■ ACTION ITEM ■
Go through the entries below and print, exactly, the lines starting at the one with "首先,台州市科技馆罗建群老师" and ending at the one with "讲座由院长助理、建筑学学科专", keeping both ends and no others.
START AVAILABLE DATA
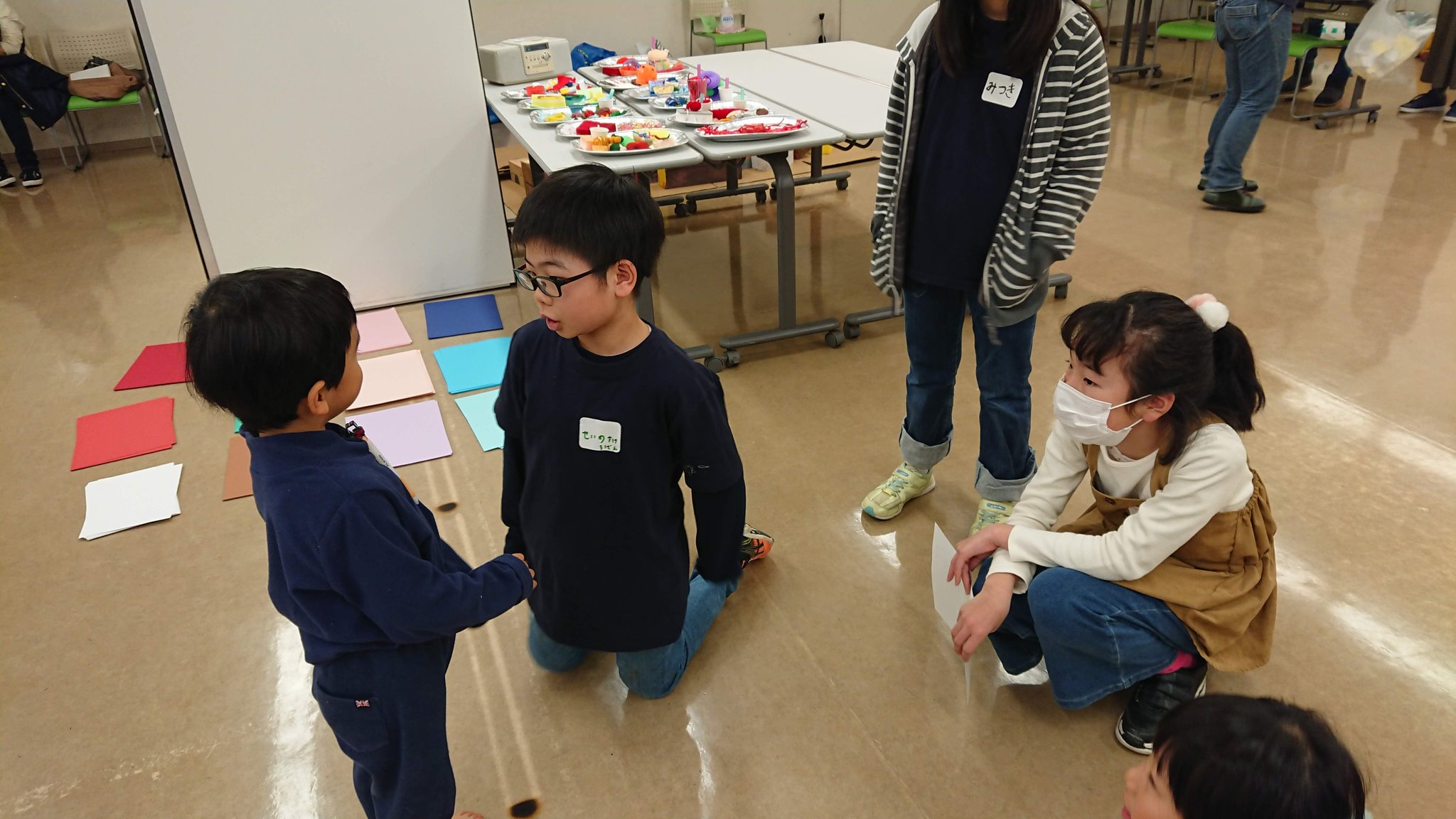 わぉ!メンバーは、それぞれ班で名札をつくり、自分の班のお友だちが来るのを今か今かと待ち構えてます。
END AVAILABLE DATA
START AVAILABLE DATA
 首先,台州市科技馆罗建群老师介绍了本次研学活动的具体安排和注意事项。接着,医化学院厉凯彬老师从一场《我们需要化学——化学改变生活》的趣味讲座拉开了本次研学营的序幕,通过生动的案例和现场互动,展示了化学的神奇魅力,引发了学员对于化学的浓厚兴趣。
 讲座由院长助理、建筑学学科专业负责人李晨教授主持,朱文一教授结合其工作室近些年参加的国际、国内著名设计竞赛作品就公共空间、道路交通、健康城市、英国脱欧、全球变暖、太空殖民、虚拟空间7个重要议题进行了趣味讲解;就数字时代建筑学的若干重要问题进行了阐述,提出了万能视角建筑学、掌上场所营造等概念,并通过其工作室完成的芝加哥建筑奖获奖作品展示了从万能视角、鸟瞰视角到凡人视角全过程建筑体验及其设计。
END AVAILABLE DATA
■ RESULT BELOW ■
 首先,台州市科技馆罗建群老师介绍了本次研学活动的具体安排和注意事项。接着,医化学院厉凯彬老师从一场《我们需要化学——化学改变生活》的趣味讲座拉开了本次研学营的序幕,通过生动的案例和现场互动,展示了化学的神奇魅力,引发了学员对于化学的浓厚兴趣。
 讲座由院长助理、建筑学学科专业负责人李晨教授主持,朱文一教授结合其工作室近些年参加的国际、国内著名设计竞赛作品就公共空间、道路交通、健康城市、英国脱欧、全球变暖、太空殖民、虚拟空间7个重要议题进行了趣味讲解;就数字时代建筑学的若干重要问题进行了阐述,提出了万能视角建筑学、掌上场所营造等概念,并通过其工作室完成的芝加哥建筑奖获奖作品展示了从万能视角、鸟瞰视角到凡人视角全过程建筑体验及其设计。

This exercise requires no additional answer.